Chart Version: 0.14.0 One comment on this: we're blocked from upgrading due to our current EKS version not having the autoscaling APIs defined in current versions of the chart. We're in the progress of updating, but it'll be awhile

Hey @jonwinton IIRC there's nothing really stopping us from backporting the HPA options to older API's. I think I stopped where I did because there was some amount of structural change that happened between API versions and I figured if someone needed the support we'd get an issue opened.

We'd be happy to get an issue opened for that support if that would help you upgrade.

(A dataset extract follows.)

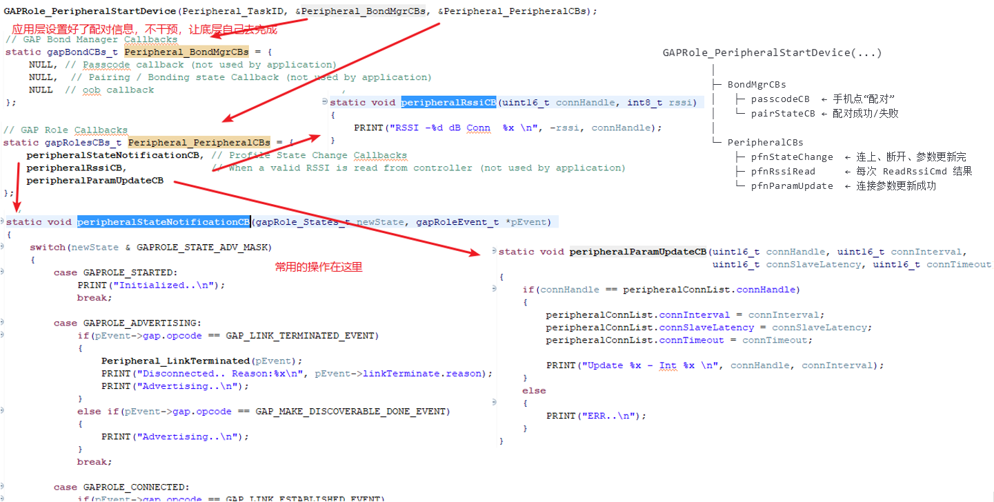 使用库函数GAPRole_PeripheralStartDevice 开启设备,配置回调函数:

spencergilbert avatar Nov 21 '22 19:11 spencergilbert

@neuronull here we go:

Thanks @jonwinton !

Forgot to ask as well- what version of the Datadog Agent are you using? Was it also upgraded or did it's version stay the same? Can you share the DD Agent config as well?

Cheers~

neuronull avatar Nov 21 '22 21:11 neuronull

Still investigating this but just had an observation.

In v0.24.0 #13406 contained a fix in the datadog_metrics sink. The sink was not properly utilizing the DD api key from the event metadata. Because your configuration is utilizing the datadog_agent source ,and the datadog_metrics sink and the datadog_agent source by default forwards the API key- v0.24.0 introduced a change in behavior for your config.

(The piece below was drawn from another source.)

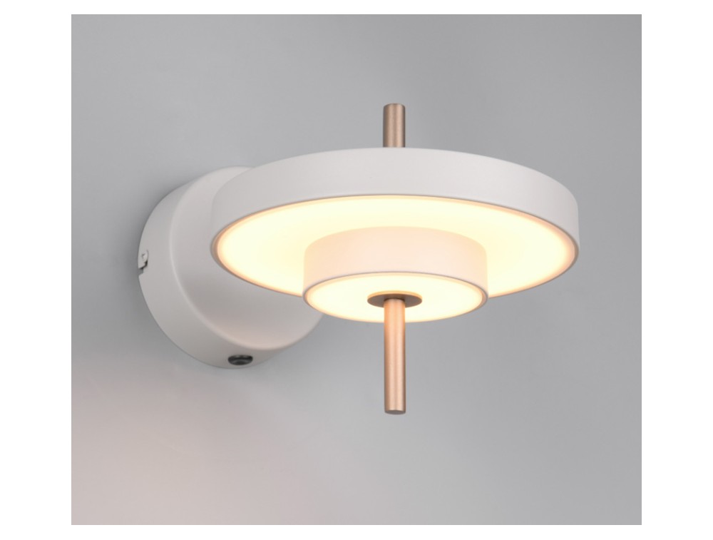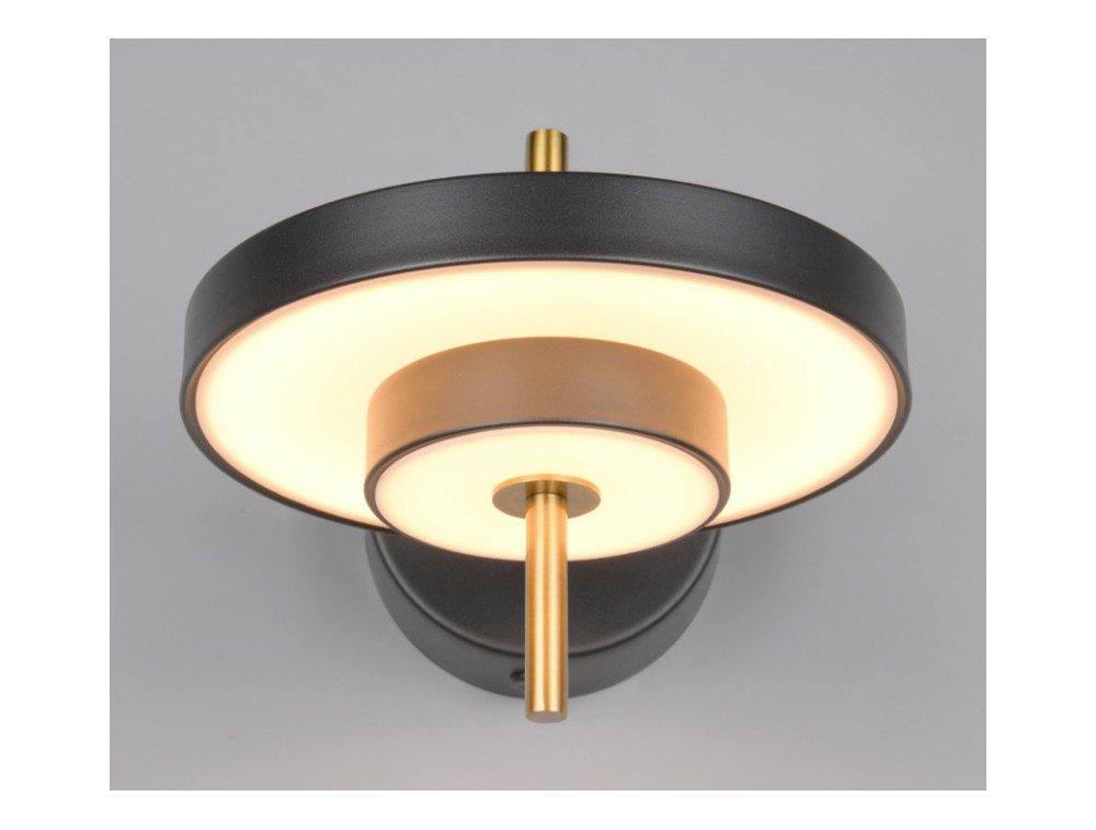 Metal wall lamp in warm gray and coffee or black and coffee. For kitchens, living rooms, bedrooms, and hallways. Dimmable. 5-year LED warranty and IP20 protection.

I'm wondering if the problem here is that the DD API key which is being sent to Vector from the Datadog Agent's configuration , is perhaps different than the one which is being configured in the helm chart via the secrets? (Or otherwise overriding)

By default, the datadog_agent source is configured to store the API key if it is found in the headers from the Datadog Agent requests.

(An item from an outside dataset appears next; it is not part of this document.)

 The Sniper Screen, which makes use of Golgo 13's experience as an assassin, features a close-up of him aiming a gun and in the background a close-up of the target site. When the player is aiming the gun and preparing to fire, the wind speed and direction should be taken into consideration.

To disable that, set store_api_key to false. https://vector.dev/docs/reference/configuration/sources/datadog_agent/#store_api_key

Would you mind giving that a try @jonwinton ? Thanks!

neuronull avatar Nov 21 '22 22:11 neuronull

Sorry for the delay @neuronull and @spencergilbert ! Had some holiday time off and everything. Let me get you that info.

@neuronull I did test setting store_api_key and it didn't help.

jonwinton avatar Nov 28 '22 16:11 jonwinton

Forgot to ask as well- what version of the Datadog Agent are you using? Was it also upgraded or did it's version stay the same? Can you share the DD Agent config as well?

@neuronull the version of the DataDog agent has been locked to 7.39.1 for the duration of this test.

We'd be happy to get an issue opened for that support if that would help you upgrade.

@spencergilbert I think we're going to be stuck on the autoscaling/v1 API for the next 3-6 months, so if it's possible to support those versions that would be amazing 🙇

jonwinton avatar Nov 28 '22 17:11 jonwinton

@jonwinton I see you mentioned you tried setting store_api_key. To clarify, did you try setting it to false? That is: store_api_key: false on the datadog_agent source. As @neuronull pointed out there was a fix in 0.24.0 to start using the API key that Agent sent metrics with when forwarding to Datadog, by default, to match the behavior of logs.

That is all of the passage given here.